Perché la maggioranza in Senato è importante per i Democratici
Permetterà loro di nominare i giudici federali e bloccare eventuali procedimenti di impeachment dei Repubblicani, tra le altre cose
Nel fine settimana si è avuta la certezza che il Senato americano sarà nuovamente controllato dai Democratici, grazie alla vittoria della senatrice uscente Catherine Cortez Mastro in Nevada: attualmente i Democratici possono contare su 50 seggi contro i 49 dei Repubblicani, mentre per l’ultimo seggio da assegnare, quello della Georgia, bisognerà aspettare il ballottaggio del 6 dicembre tra il Democratico Raphael Warnock e lo sfidante Repubblicano Herschel Walker, noto per il suo passato da giocatore di football americano. Alla Camera, invece, i conteggi non sono ancora conclusi: i Repubblicani sembrano poter ottenere la maggioranza, ma i molti distretti ancora in bilico lasciano aperta la possibilità di un risultato opposto, seppur piuttosto remota.
Avere mantenuto il controllo anche solo del Senato è una vittoria importante per l’amministrazione del presidente Joe Biden: ha una grande valenza simbolica e politica – storicamente alle elezioni di metà mandato il partito di opposizione ottiene grandi risultati – ma anche effetti concreti che molto probabilmente si vedranno nei prossimi due anni.
In concreto la maggioranza in Senato permetterà ai Democratici di approvare le nomine presidenziali dei giudici federali, di bloccare le iniziative legislative repubblicane provenienti dalla Camera e di proporne di proprie, oltre a rendere impraticabili i percorsi verso eventuali impeachment del presidente o di altre figure amministrative, minacciati dall’ala più radicale dei Repubblicani.
Senza un controllo totale del Congresso queste manovre, già complesse, non hanno alcuna possibilità di riuscita.
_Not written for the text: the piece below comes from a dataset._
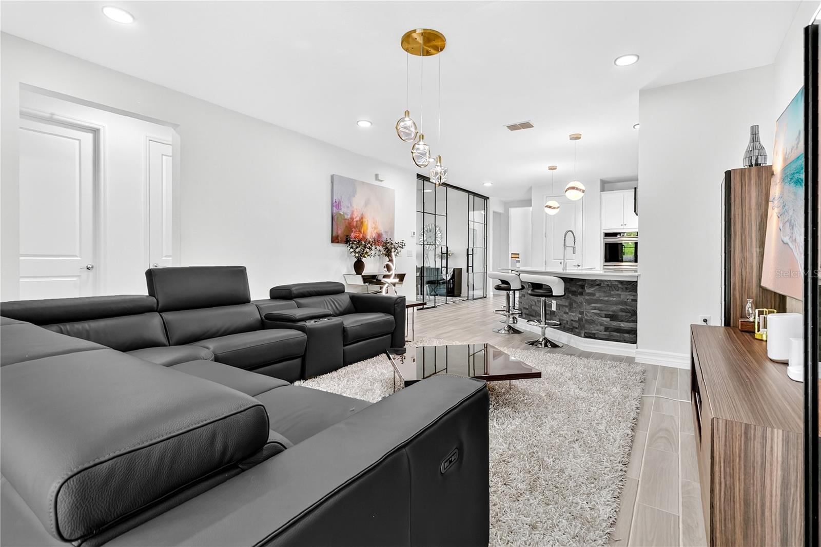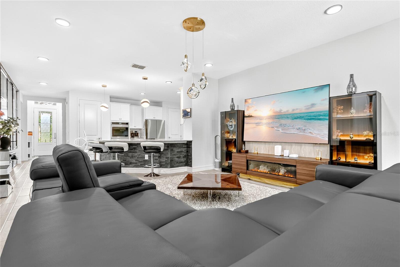Inside and you’re greeted by an open floor plan designed for today’s lifestyle. The spacious living area flows seamlessly into the heart of the home — a modern, fully upgraded kitchen with new stainless-steel appliances, custom cabinetry, and upgraded lighting throughout that ties everything together. The flex room, just off the main space, is perfect for a home office, formal dining area, or playroom, giving you the versatility to make the space fit your family’s needs.

Riguardo ai giudici, negli Stati Uniti quelli federali sono di nomina presidenziale: è quindi il presidente a sceglierli, ma la decisione deve comunque essere approvata dal Senato. È un processo che riguarda tutti i livelli: sia quello più alto, con i giudici della Corte Suprema, sia più basso, con i giudici federali. Un controllo repubblicano del Senato avrebbe bloccato le nomine, come accadde ad esempio durante l’ultimo mandato di Barack Obama. Se si dovesse creare il caso, per rinuncia o morte, di una sostituzione di uno dei giudici della Corte Suprema, ora molto conservatrice dopo le nomine di Donald Trump, Biden avrebbe la possibilità di nominare e far eleggere un giudice da lui scelto. E nei prossimi due anni proporrà oltre 100 nuovi giudici federali, con ogni probabilità scelti in un’area più progressista.
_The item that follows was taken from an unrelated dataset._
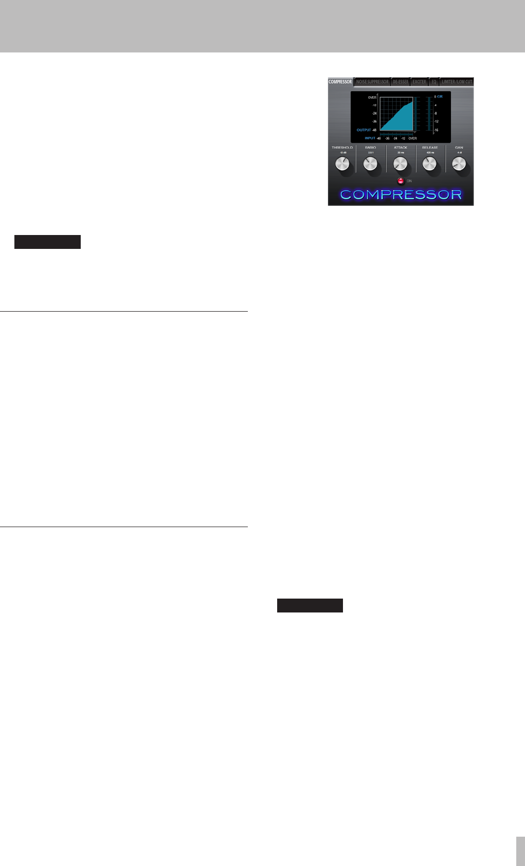 Auf der Registerkarte COMPRESSOR stellen die drei Pegelanzeigen

C’è poi una conseguenza immediata a livello politico: la maggioranza Democratica in Senato permetterà al governo di continuare a proporre leggi importanti al Congresso. Elizabeth Warren, senatrice del Massachusetts, ha detto: «Dovremo essere aggressivi e mettere i Repubblicani sulla difensiva, costringendoli a spiegare perché vorranno bloccare iniziative che aiuterebbero molti americani».
I Democratici potrebbero cercare di sfruttare le divisioni interne ai Repubblicani per cercare di trovare degli accordi con l’ala più moderata del partito avversario. Alle elezioni di metà mandato, infatti, sono stati sconfitti diversi candidati Repubblicani più estremisti, molti dei quali appoggiati da Donald Trump.
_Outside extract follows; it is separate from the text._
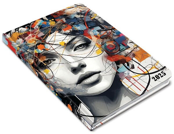 Realsystem 2025 Fiestina 5411-66 face B6 zsebnaptár 3D-lakkal felületnemesített, kemény táblával, lekerekített sarokkal és színes gumiszalaggal biztosított B6 méretű zsebnaptár. Heti beosztású, 160 oldal, 70g fehér papírral, cérnafűzéssel, jelzőszalaggal és sarokperforációval. Méret: 115x165 mm (B6)

Chuck Schumer, leader dei Democratici al Senato, ha detto: «Ora sanno che continuare a permettere che sia la parte di estrema destra a guidare il Partito Repubblicano è una strada che porta alla sconfitta». La vittoria in Senato ha indebolito il fronte più estremo dei Repubblicani, oltre che la posizione dello stesso Trump, e reso al contrario più forte e convinta l’azione dell’amministrazione in carica, nonostante i sondaggi sull’apprezzamento personale di Biden restino bassi.
Ipotizzare un ritorno alla collaborazione fra i due partiti al momento appare prematuro, specialmente prima di avere i dati definitivi sulla Camera: al momento siamo 212 seggi a 204 per i Repubblicani, con la soglia per la maggioranza fissata a 218.